§ Task brief
Print each line below verbatim, skipping every picture.

§ Material provided
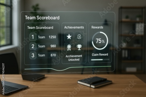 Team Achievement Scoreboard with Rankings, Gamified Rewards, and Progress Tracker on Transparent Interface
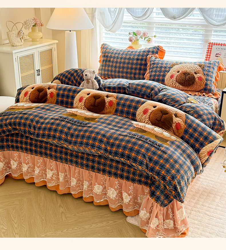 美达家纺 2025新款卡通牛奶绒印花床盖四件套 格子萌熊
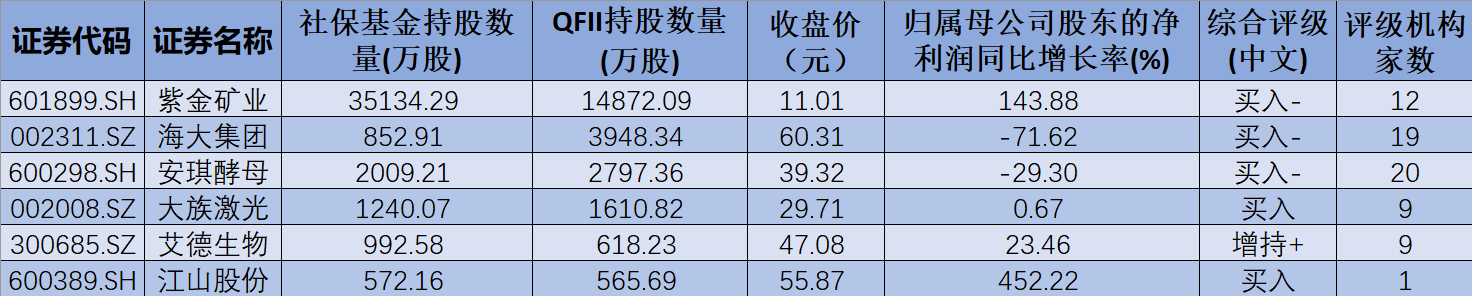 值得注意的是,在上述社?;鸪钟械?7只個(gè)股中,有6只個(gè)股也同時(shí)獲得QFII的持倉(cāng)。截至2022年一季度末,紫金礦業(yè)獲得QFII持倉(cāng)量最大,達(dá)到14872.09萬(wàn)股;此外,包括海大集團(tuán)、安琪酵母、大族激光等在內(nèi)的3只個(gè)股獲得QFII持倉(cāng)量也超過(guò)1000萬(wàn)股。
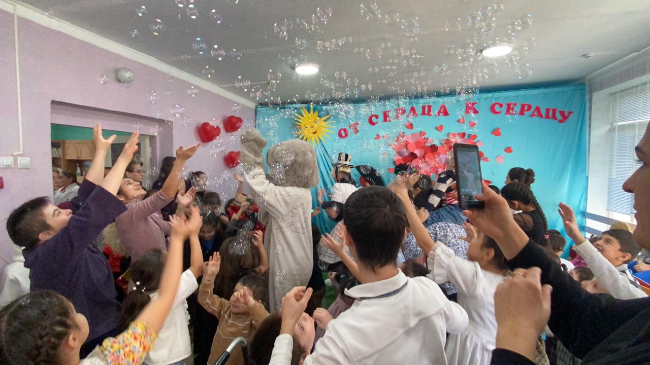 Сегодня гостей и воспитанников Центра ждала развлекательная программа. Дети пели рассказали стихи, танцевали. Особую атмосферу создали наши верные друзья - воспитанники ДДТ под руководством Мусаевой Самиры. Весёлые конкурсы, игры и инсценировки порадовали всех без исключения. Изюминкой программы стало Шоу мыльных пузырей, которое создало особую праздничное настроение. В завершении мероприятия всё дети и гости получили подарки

§ Problem solution
 Team Achievement Scoreboard with Rankings, Gamified Rewards, and Progress Tracker on Transparent Interface
 美达家纺 2025新款卡通牛奶绒印花床盖四件套 格子萌熊
 值得注意的是,在上述社?;鸪钟械?7只個(gè)股中,有6只個(gè)股也同時(shí)獲得QFII的持倉(cāng)。截至2022年一季度末,紫金礦業(yè)獲得QFII持倉(cāng)量最大,達(dá)到14872.09萬(wàn)股;此外,包括海大集團(tuán)、安琪酵母、大族激光等在內(nèi)的3只個(gè)股獲得QFII持倉(cāng)量也超過(guò)1000萬(wàn)股。
 Сегодня гостей и воспитанников Центра ждала развлекательная программа. Дети пели рассказали стихи, танцевали. Особую атмосферу создали наши верные друзья - воспитанники ДДТ под руководством Мусаевой Самиры. Весёлые конкурсы, игры и инсценировки порадовали всех без исключения. Изюминкой программы стало Шоу мыльных пузырей, которое создало особую праздничное настроение. В завершении мероприятия всё дети и гости получили подарки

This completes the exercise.